[[ Extracted records, beginning ]]
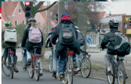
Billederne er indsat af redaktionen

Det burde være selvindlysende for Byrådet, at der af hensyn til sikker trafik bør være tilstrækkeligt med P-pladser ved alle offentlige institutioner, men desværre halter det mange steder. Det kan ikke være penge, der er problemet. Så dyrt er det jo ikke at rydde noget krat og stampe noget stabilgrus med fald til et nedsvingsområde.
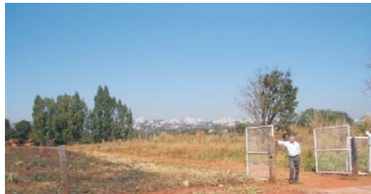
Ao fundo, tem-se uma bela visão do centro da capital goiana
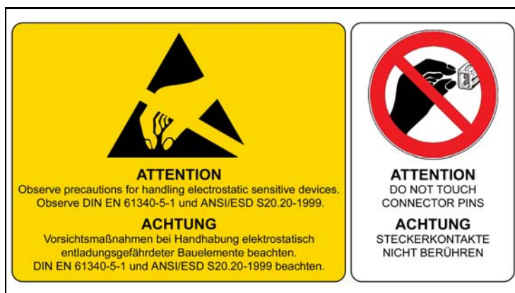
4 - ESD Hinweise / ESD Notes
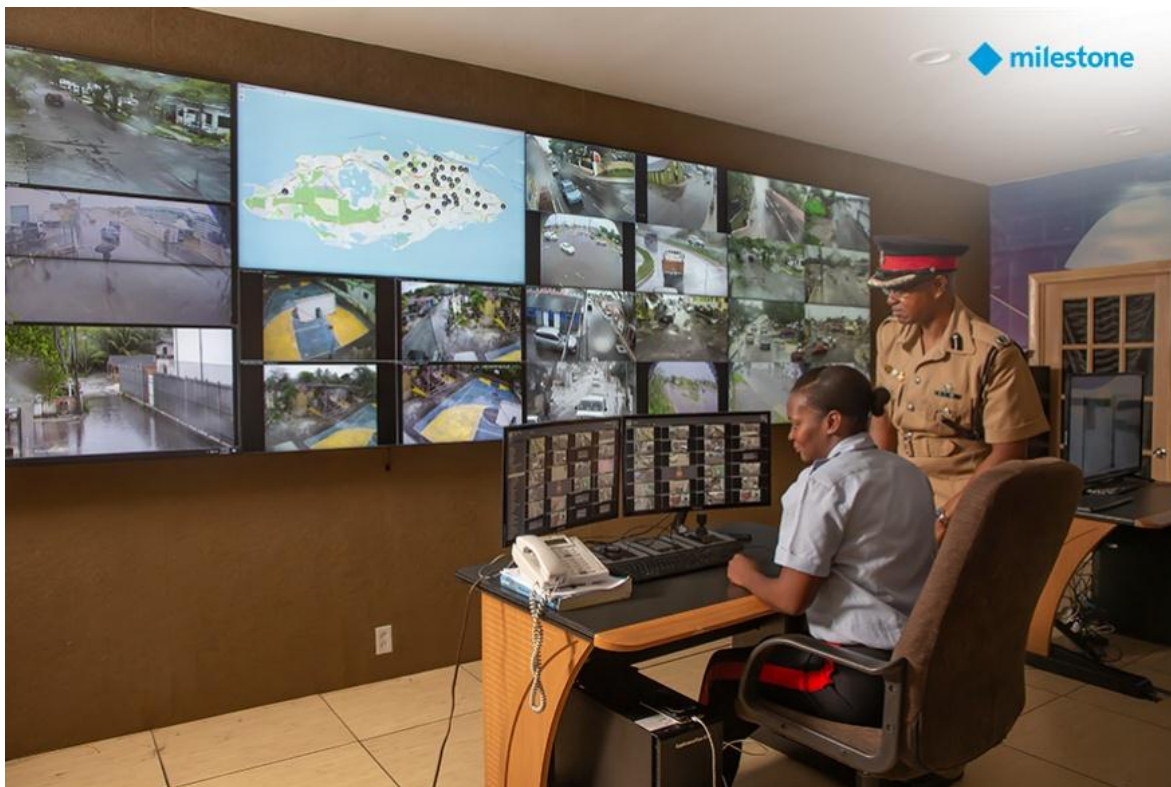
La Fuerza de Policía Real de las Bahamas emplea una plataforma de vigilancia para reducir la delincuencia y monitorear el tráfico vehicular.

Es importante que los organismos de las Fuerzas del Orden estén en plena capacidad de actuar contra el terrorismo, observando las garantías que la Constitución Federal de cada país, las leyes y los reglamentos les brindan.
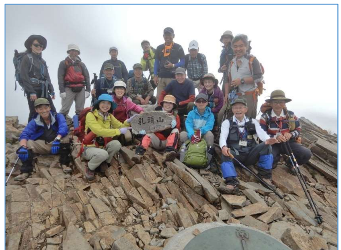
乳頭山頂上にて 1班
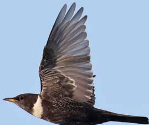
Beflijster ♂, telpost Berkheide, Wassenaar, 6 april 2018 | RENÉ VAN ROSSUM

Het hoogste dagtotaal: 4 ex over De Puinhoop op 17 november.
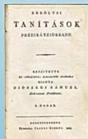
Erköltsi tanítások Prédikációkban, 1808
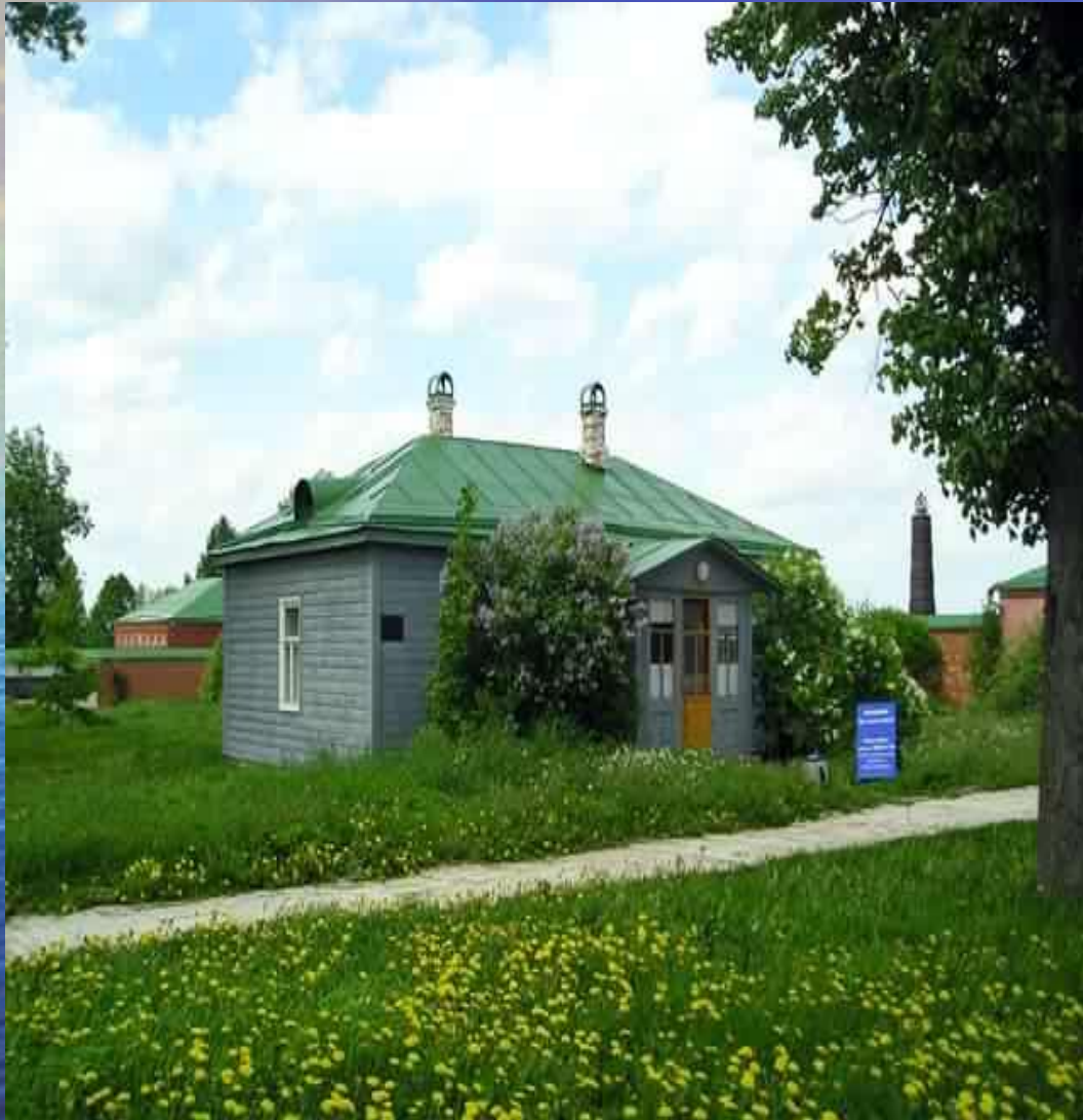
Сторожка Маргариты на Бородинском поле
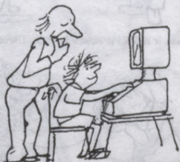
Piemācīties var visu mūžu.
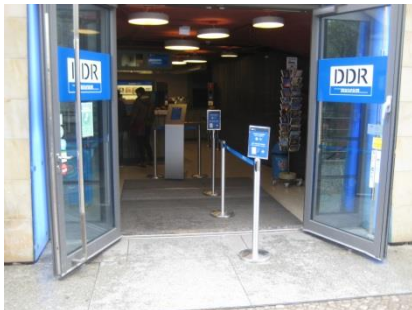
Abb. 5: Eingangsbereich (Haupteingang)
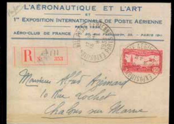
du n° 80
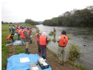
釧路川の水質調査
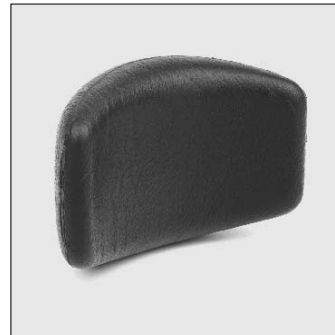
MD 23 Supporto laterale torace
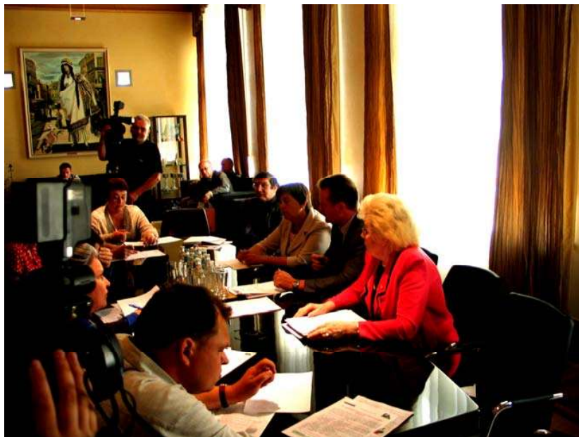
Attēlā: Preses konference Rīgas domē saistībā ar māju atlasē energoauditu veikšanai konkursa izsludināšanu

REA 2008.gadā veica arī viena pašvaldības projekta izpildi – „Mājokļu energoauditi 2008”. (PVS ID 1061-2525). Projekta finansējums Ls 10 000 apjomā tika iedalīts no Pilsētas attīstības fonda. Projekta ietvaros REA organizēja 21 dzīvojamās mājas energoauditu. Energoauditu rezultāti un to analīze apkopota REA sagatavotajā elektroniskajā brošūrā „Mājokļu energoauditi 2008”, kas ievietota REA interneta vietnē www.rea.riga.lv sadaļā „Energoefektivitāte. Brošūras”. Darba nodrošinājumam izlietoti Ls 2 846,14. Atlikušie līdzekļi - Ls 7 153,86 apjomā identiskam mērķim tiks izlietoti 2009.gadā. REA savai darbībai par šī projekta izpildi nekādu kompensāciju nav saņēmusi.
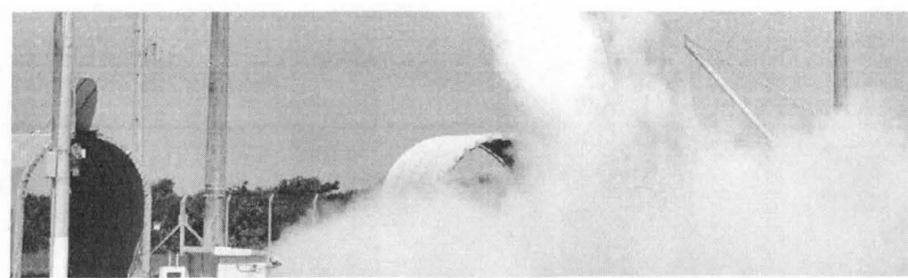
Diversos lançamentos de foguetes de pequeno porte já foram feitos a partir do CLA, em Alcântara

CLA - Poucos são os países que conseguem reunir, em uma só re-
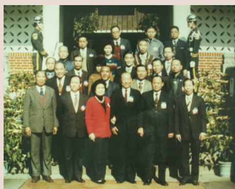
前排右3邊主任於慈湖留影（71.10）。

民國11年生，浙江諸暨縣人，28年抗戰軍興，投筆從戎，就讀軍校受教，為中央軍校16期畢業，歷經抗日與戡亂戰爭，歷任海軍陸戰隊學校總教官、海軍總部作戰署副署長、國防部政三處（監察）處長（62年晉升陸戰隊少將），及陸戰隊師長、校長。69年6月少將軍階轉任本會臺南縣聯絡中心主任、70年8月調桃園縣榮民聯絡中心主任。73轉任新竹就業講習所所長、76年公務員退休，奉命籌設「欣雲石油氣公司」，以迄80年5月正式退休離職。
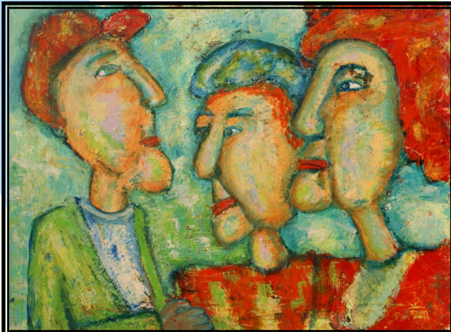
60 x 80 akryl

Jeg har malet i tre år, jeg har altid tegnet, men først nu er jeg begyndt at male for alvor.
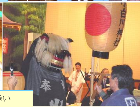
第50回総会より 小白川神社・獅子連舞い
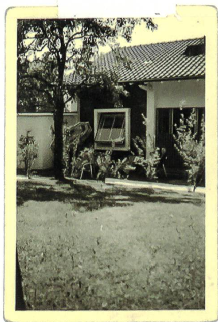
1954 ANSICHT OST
[[ Extracted records, end ]]
◆ The task ◆
Starting at the line that contains "Jeg har malet" and ending at the final line of the data, reproduce each line exactly. Pictures stay out of the copy.

◆ Solution to the exercise ◆
Jeg har malet i tre år, jeg har altid tegnet, men først nu er jeg begyndt at male for alvor.
第50回総会より 小白川神社・獅子連舞い
1954 ANSICHT OST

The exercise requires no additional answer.